▶ **EXERCISE AIM**
Return all of the entries word for word, but omit the pictures they contain.
───
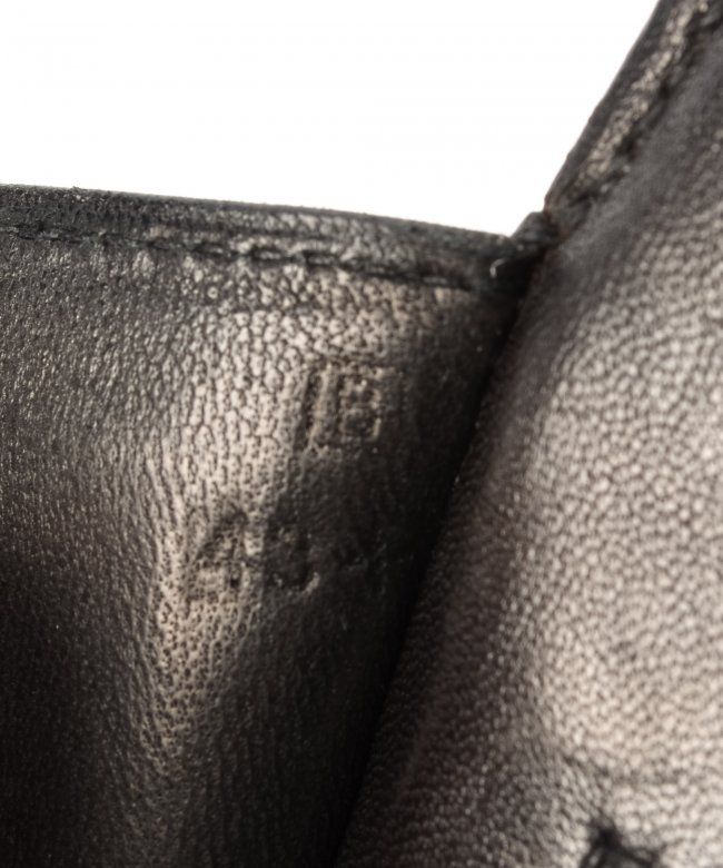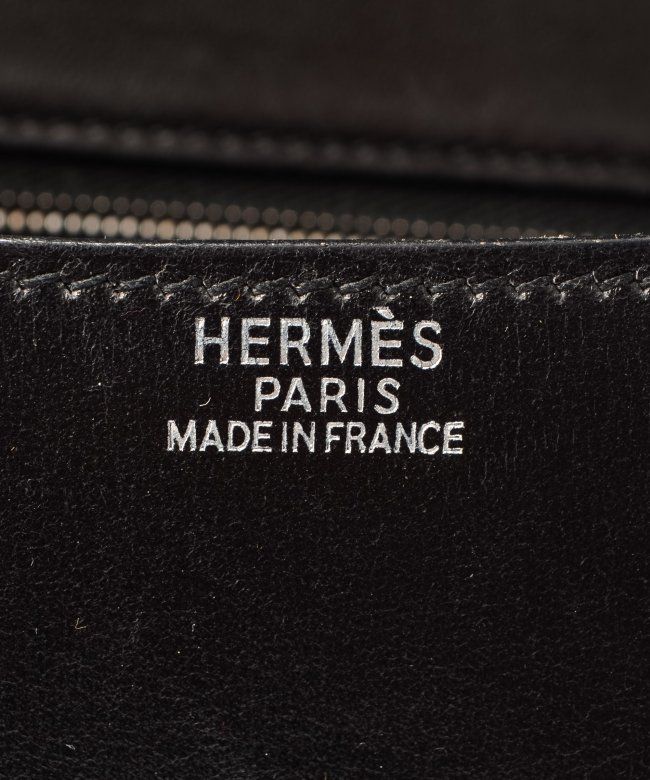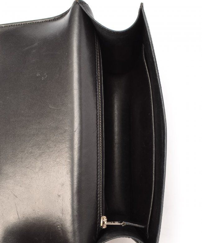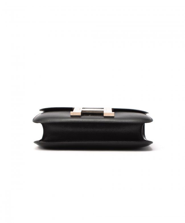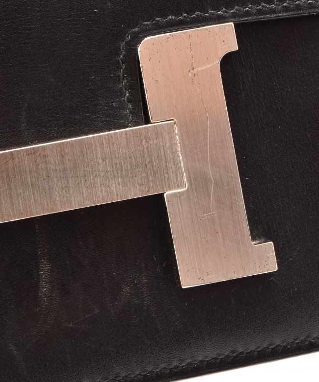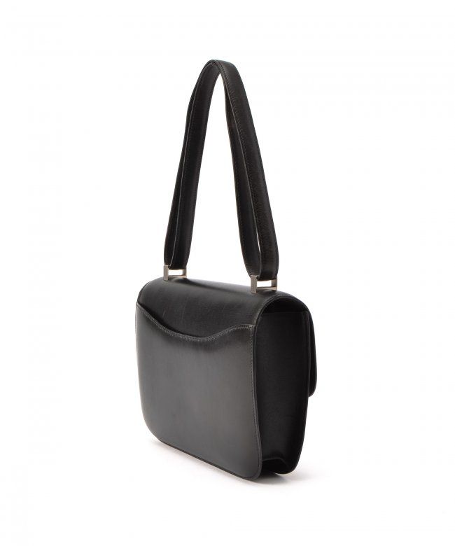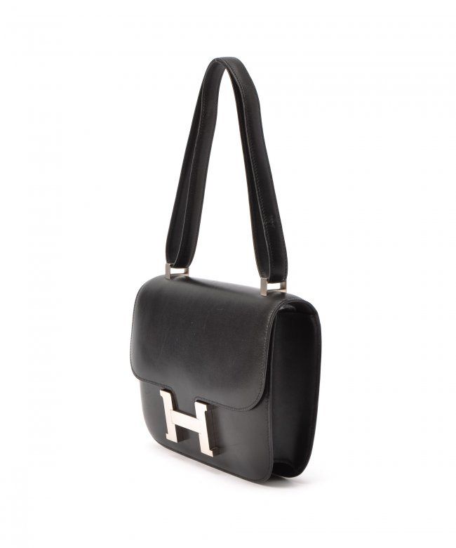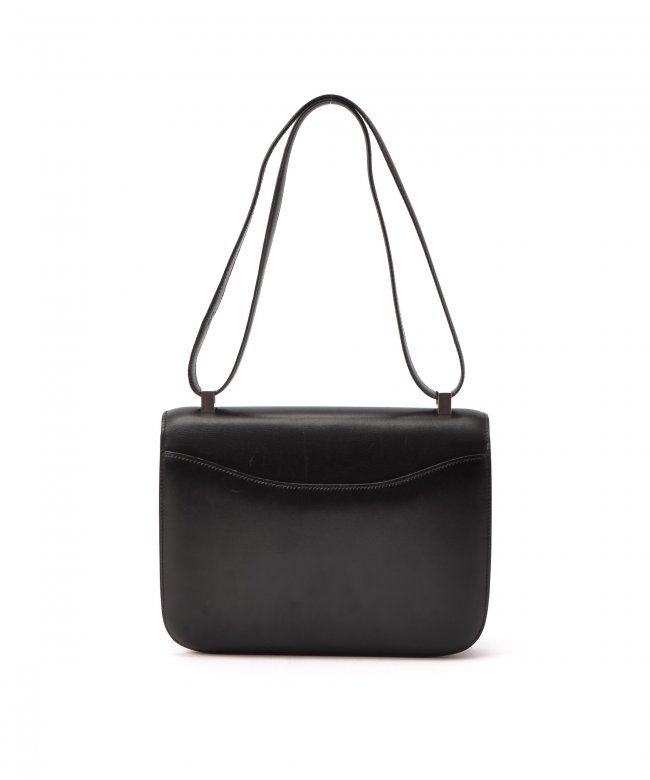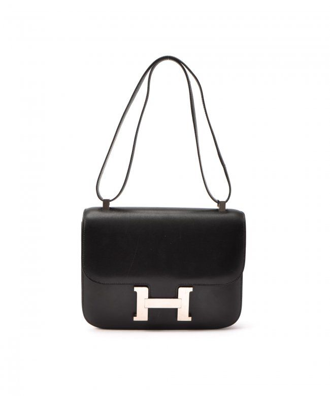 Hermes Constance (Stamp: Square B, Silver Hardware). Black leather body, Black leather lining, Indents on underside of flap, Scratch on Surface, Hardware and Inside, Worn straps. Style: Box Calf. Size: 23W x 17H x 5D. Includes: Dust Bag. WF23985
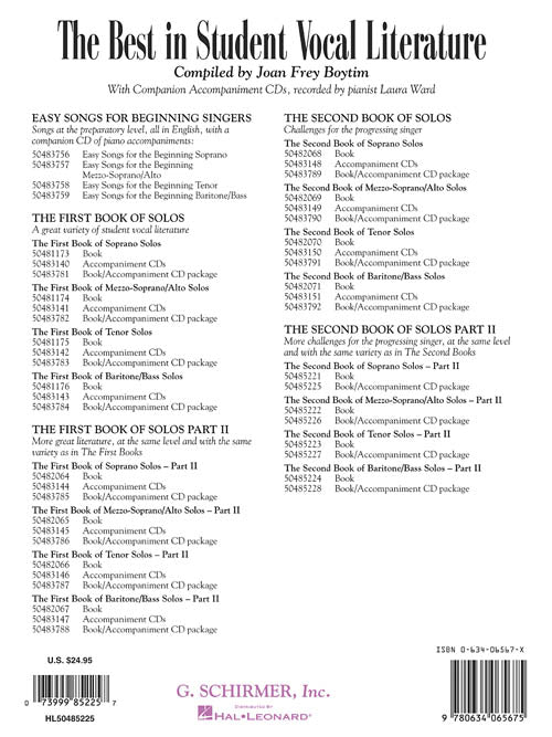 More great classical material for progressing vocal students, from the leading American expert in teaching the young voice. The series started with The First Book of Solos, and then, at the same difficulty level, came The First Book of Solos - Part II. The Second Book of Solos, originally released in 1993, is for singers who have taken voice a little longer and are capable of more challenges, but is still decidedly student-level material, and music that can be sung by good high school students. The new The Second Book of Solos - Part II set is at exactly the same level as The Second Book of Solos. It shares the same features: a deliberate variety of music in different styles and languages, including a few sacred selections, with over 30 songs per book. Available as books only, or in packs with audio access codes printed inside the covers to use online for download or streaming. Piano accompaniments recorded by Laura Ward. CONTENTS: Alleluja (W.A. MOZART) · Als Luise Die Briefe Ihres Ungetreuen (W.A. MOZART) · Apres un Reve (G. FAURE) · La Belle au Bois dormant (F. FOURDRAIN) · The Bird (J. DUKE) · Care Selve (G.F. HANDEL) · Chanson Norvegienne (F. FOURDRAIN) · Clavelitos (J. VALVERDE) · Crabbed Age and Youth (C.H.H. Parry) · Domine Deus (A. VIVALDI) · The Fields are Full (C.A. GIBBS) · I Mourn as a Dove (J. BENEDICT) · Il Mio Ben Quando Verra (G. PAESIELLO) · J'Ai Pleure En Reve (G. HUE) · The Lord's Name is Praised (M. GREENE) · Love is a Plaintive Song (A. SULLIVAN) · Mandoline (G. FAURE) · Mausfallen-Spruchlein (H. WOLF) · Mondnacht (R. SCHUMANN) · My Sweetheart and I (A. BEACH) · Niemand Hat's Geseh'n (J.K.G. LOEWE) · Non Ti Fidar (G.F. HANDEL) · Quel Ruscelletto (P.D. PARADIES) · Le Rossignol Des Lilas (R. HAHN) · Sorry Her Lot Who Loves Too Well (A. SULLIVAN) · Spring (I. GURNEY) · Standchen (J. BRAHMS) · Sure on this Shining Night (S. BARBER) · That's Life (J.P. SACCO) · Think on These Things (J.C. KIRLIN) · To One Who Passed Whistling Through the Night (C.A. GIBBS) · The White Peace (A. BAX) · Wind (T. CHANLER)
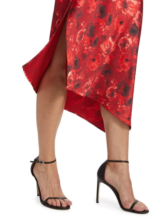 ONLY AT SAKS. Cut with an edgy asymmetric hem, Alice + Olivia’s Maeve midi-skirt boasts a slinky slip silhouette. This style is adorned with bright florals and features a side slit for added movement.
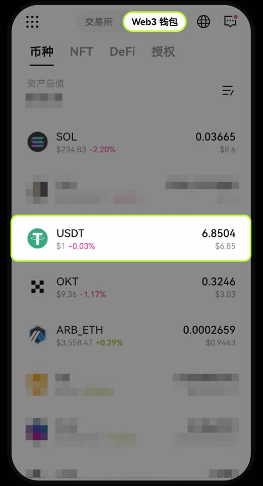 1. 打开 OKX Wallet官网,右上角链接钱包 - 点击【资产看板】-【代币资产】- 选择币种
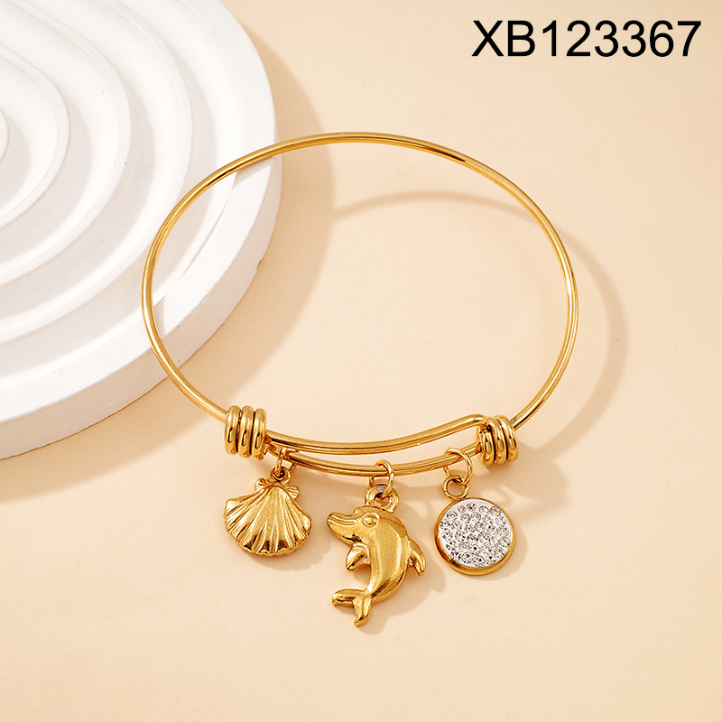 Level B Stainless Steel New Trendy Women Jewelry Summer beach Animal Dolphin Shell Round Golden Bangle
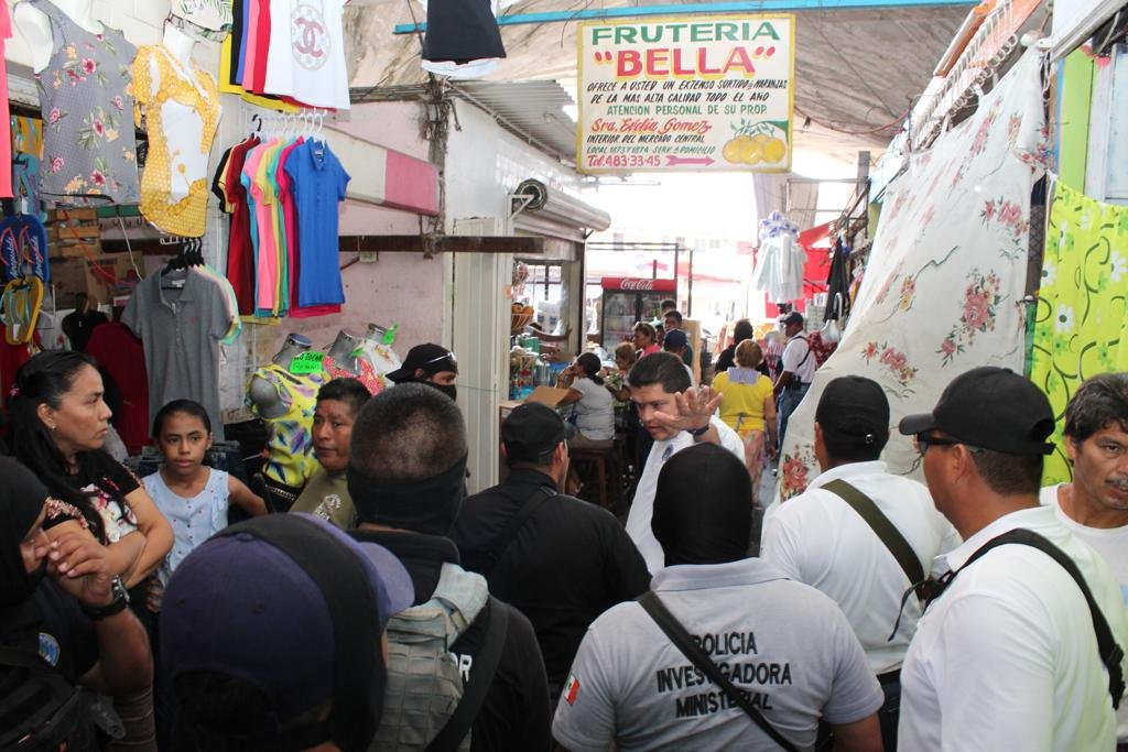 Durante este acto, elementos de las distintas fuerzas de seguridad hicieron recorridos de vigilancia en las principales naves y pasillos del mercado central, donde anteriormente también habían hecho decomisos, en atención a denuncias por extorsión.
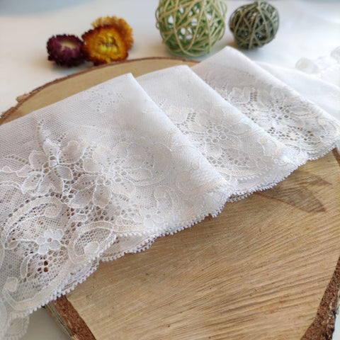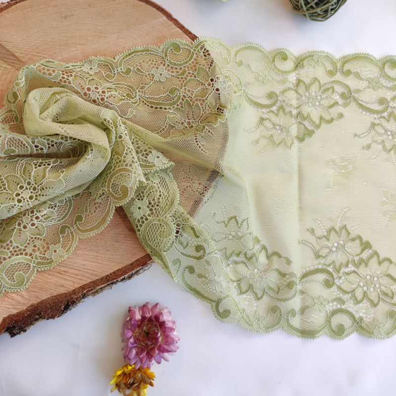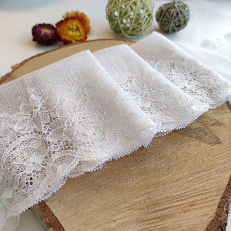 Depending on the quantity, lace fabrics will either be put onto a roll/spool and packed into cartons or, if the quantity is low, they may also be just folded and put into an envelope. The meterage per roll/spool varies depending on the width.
───
▶ **ANSWER FOR THE TASK**
 Hermes Constance (Stamp: Square B, Silver Hardware). Black leather body, Black leather lining, Indents on underside of flap, Scratch on Surface, Hardware and Inside, Worn straps. Style: Box Calf. Size: 23W x 17H x 5D. Includes: Dust Bag. WF23985
 More great classical material for progressing vocal students, from the leading American expert in teaching the young voice. The series started with The First Book of Solos, and then, at the same difficulty level, came The First Book of Solos - Part II. The Second Book of Solos, originally released in 1993, is for singers who have taken voice a little longer and are capable of more challenges, but is still decidedly student-level material, and music that can be sung by good high school students. The new The Second Book of Solos - Part II set is at exactly the same level as The Second Book of Solos. It shares the same features: a deliberate variety of music in different styles and languages, including a few sacred selections, with over 30 songs per book. Available as books only, or in packs with audio access codes printed inside the covers to use online for download or streaming. Piano accompaniments recorded by Laura Ward. CONTENTS: Alleluja (W.A. MOZART) · Als Luise Die Briefe Ihres Ungetreuen (W.A. MOZART) · Apres un Reve (G. FAURE) · La Belle au Bois dormant (F. FOURDRAIN) · The Bird (J. DUKE) · Care Selve (G.F. HANDEL) · Chanson Norvegienne (F. FOURDRAIN) · Clavelitos (J. VALVERDE) · Crabbed Age and Youth (C.H.H. Parry) · Domine Deus (A. VIVALDI) · The Fields are Full (C.A. GIBBS) · I Mourn as a Dove (J. BENEDICT) · Il Mio Ben Quando Verra (G. PAESIELLO) · J'Ai Pleure En Reve (G. HUE) · The Lord's Name is Praised (M. GREENE) · Love is a Plaintive Song (A. SULLIVAN) · Mandoline (G. FAURE) · Mausfallen-Spruchlein (H. WOLF) · Mondnacht (R. SCHUMANN) · My Sweetheart and I (A. BEACH) · Niemand Hat's Geseh'n (J.K.G. LOEWE) · Non Ti Fidar (G.F. HANDEL) · Quel Ruscelletto (P.D. PARADIES) · Le Rossignol Des Lilas (R. HAHN) · Sorry Her Lot Who Loves Too Well (A. SULLIVAN) · Spring (I. GURNEY) · Standchen (J. BRAHMS) · Sure on this Shining Night (S. BARBER) · That's Life (J.P. SACCO) · Think on These Things (J.C. KIRLIN) · To One Who Passed Whistling Through the Night (C.A. GIBBS) · The White Peace (A. BAX) · Wind (T. CHANLER)
 ONLY AT SAKS. Cut with an edgy asymmetric hem, Alice + Olivia’s Maeve midi-skirt boasts a slinky slip silhouette. This style is adorned with bright florals and features a side slit for added movement.
 1. 打开 OKX Wallet官网,右上角链接钱包 - 点击【资产看板】-【代币资产】- 选择币种
 Level B Stainless Steel New Trendy Women Jewelry Summer beach Animal Dolphin Shell Round Golden Bangle
 Durante este acto, elementos de las distintas fuerzas de seguridad hicieron recorridos de vigilancia en las principales naves y pasillos del mercado central, donde anteriormente también habían hecho decomisos, en atención a denuncias por extorsión.
 Depending on the quantity, lace fabrics will either be put onto a roll/spool and packed into cartons or, if the quantity is low, they may also be just folded and put into an envelope. The meterage per roll/spool varies depending on the width.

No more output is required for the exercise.